I’ll give you time to write this code, so now, just follow me.
Second function is mutate.
You can make new column through mutate function.
With this function, you can make a new column that show whether a movie contains both an action and an adventure genre.
I named the column ActionAdven.
If ActionAdven column is 1, it contains both genres.
And ActionAdven column value 0 means it doesn’t contain one or more genre.
Third function is select.
You can extract specific columns that fit the conditions with select function.
So, we make a dataframe that only has wordsInTitle, imdbRating, ratingCount, year, ActionAdven columns.
Write above these three codes on your r and Check the result is same like pictures.
So, I think most of you have written the select function code.
Let’s move on the next.
next function is arrange.
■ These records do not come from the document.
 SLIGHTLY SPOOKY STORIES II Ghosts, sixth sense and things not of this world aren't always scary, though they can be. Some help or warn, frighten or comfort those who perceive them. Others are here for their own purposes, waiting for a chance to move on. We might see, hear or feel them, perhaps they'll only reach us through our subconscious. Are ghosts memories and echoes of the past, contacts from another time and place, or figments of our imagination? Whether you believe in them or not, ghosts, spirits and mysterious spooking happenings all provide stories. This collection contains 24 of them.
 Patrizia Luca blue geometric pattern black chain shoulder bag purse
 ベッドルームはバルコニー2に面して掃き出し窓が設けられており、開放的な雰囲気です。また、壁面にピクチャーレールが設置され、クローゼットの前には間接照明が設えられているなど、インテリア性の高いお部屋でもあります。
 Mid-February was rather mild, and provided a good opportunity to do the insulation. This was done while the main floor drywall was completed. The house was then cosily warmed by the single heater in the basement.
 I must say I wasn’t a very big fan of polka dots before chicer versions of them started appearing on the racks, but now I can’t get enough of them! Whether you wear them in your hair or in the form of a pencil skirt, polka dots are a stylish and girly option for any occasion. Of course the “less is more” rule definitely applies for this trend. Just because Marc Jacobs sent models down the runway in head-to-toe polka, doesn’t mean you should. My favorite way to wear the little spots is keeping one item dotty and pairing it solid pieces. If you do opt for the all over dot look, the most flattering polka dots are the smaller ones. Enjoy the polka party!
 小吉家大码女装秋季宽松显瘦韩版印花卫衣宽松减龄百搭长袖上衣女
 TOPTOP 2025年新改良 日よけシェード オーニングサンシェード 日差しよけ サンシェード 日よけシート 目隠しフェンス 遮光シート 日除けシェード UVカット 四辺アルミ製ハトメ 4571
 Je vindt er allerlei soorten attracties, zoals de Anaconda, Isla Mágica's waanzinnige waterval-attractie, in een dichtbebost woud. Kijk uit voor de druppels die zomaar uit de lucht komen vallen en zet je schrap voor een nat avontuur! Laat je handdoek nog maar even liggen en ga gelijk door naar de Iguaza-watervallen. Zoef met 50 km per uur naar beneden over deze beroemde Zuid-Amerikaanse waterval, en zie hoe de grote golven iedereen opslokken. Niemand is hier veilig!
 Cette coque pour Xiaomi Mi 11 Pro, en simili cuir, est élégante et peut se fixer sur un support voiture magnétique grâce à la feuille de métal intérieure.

With arrange function, we can sort data from small to large value based on specific column.
And also, you can sort data from large to small value with desc function.
Now, we would like to sort data by the year.
Finally, with most powerful function, you can write code with all functions at once.
This function name is chain function, and with this function, you can link all the codes you used before.
Please write down the code below and check the results.If it was written correctly, the results of the imdb_chain and imdb7 would be the same.
This is all the code of the lab example we just did.
Now let's try to solve the problem.
There are two problems.
Read it and fill in the blanks.
After you solve it, try matching the answer to the next one.
I think most of them are done, so I'll finish this selection with this.You learned what data preprocessing is and why we have to do.And we looked at the use of dplyr,
most powerful data processing package in R.
I hope what you've learned today will be helpful to you when you're doing an analysis through big data.I'll finish with this. Thank you.